The current PhD dissertation aims to create an Interoperability Services’ approach in the form of an automated transformation of heterogeneous medical data deriving from heterogeneous devices. This approach will transform both semantically and syntactically health data of different representation and morphology, in order to identify, match into a single language, and eventually merge it into a common level. For this reason, the mechanisms that were studied more are those that aim in the interoperable exchange of health data and information, between systems belonging to different groups or under different health standards. Following this research, an approach was developed which was able to separate health data into categories according to how they were modelled, and then exporting knowledge, information and metadata, the data was translated into a single language, which retained combined data from other already-standardized health data representation languages. Subsequently, this translation approach was adapted to generate ontologies through specific metamodel layers and ontologies, with the ultimate goal of jointly rendering the data in a single format. Using the created ontologies, the next approach was to create ontologies and to compare them with individual HL7 FHIR resources’ ontologies due to its worldwide dissemination and adoption. This comparison concerned both the syntactic and the semantic mapping of the ontologies so that the ontologies of the health data can be mapped to the ontologies of the HL7 FHIR resources. The final approach was therefore based on the above-mentioned solution, where both the ontology implementation mechanisms, but also the syntactic and semantic comparison and mapping, were improved based on relevant experimental tests.
Focusing on the healthcare domain, most of the existing health data interoperability practices and techniques are based on health standards as well as mechanisms for ontological transformations and mappings. However, these are designed for specific cases of use with the pre-defined format in which the data must be entered without having adaptability, without the ability to be considered as holistic solutions.
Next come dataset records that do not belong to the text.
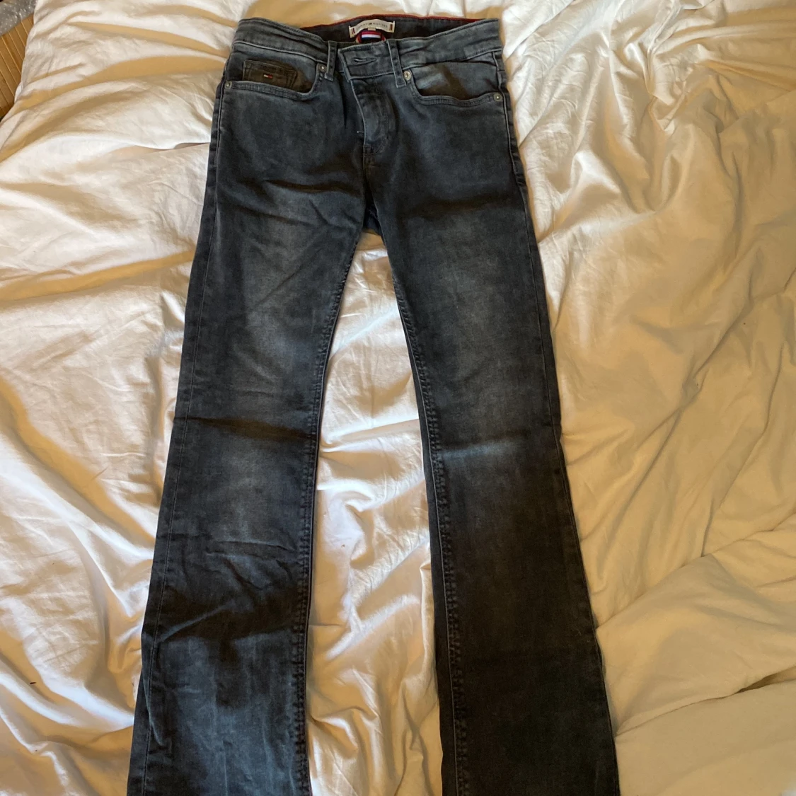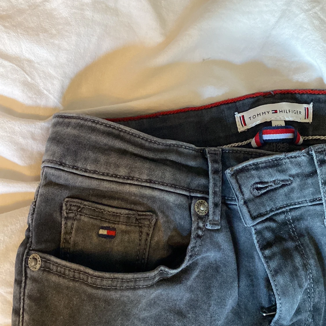 Low waist grå/svart Tommy Hilfiger jeans i storlek 152. Inte använda och är fullt hela. Det är väldigt stretschiga jeans så passar även någon som bär storlek 34. Ordinarie pris 800kr men väljer att sälja för 500 plus frakt.
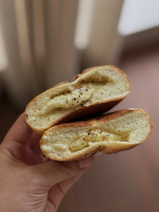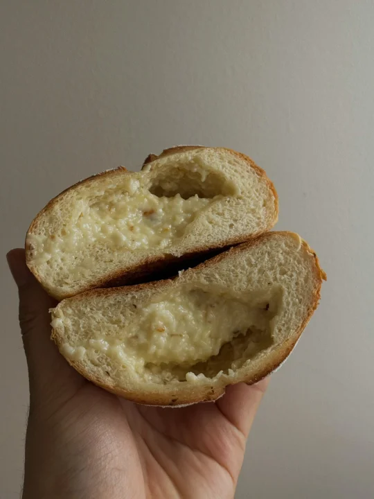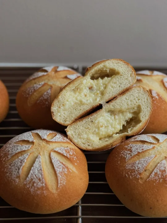 拍掉边缘气泡,翻面,挤上酒酿馅儿
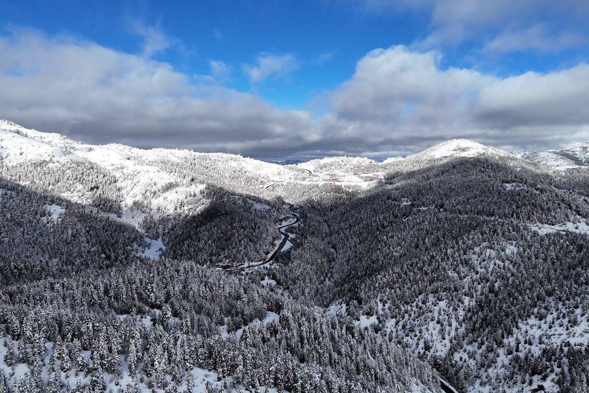 Kar yağışının ardından kristalize olan ağaç dalları ve bembeyaz örtüyle kaplanan dik yamaçlar, havadan çekilen görüntülerle bölgenin doğal güzelliğini bir kez daha kanıtladı.
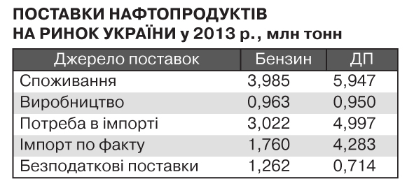 Виходячи з діючих ставок податків на нафтопродукти (акцизів і ПДВ), 2013-го Міндоходів недоодержало близько 5,245 млрд грн податків з бензину та 1,713 млрд грн - з дизельного палива.
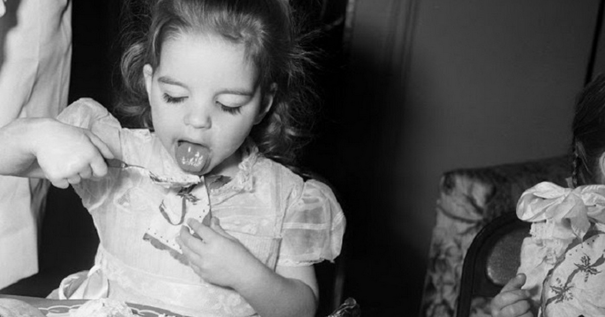 Лайза ест мороженое на рождественской вечеринке в доме Эдгара Бергена, куда она пошла с матерью Джуди Гарленд.

This gap is covered by the current PhD dissertation, delivering a unified and generalized approach that can be applied automatically to any set of health data without the need for pre-processing, assigning and matching this data to one of the most powerful and promising health standards, the HL7 FHIR. The results of the experimental tests listed below, evaluate and demonstrate the operation and efficiency of the proposed approach, making it possible to use it for integration into multiple sectors and environments, particularly in the field of health care, as well as in the fields of telecommunications and networks, devices’ identification, e-Government and e-Procurement.